Шрифт:
Интервал:
Закладка:
– Кто его жрать будет, невыложенного? Его выложить надо, потом жрать, – укорил ее Яшка. – Дай вот брату десятку, он выложит…
– Он выложит!
– Да не он! Вот Матвеич выложит!
– Матвеич и без десятки управится…
– Дура. Во дура! – прорычал Витек. – Чем яйца мыть козлу?
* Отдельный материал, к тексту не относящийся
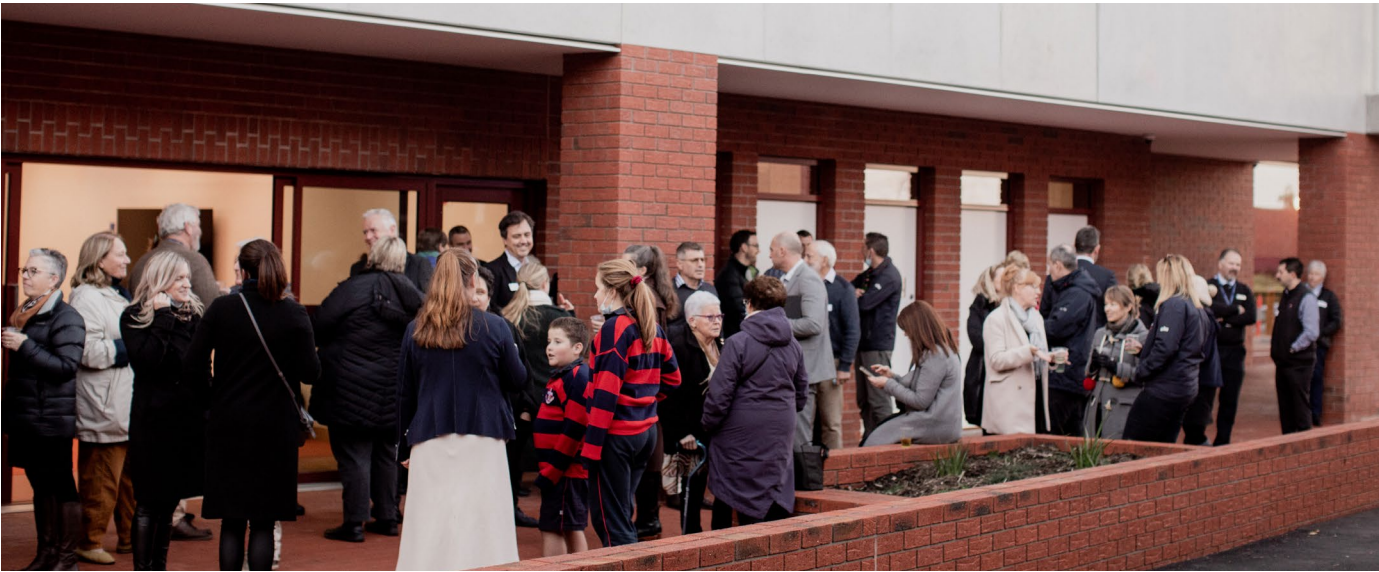
The Friends' community enjoying our inaugural Community Appreciation Day event in May, 2022

Ты че, хочешь, чтоб подох… это самое, Боря Ельцин?
– Да попередохли бы они, оба…
– Надька, посажу! – пригрозил Яшка.
– Ага… Отсажался… Люди пашут вон! Тебя отец ждет. Договорился, что лошадь приведут. Ты, скотина, че делаешь?! – В голосе ее зазвенел металл.
– Не выражайся! Разуй глаза-то! Кто сегодня пашет… Грязь месить.
Надежда вздохнула, поискала глазами зеркало по стенам, не нашла и стала поправлять на себе косынку и волосы, перед тем как надеть шляпку.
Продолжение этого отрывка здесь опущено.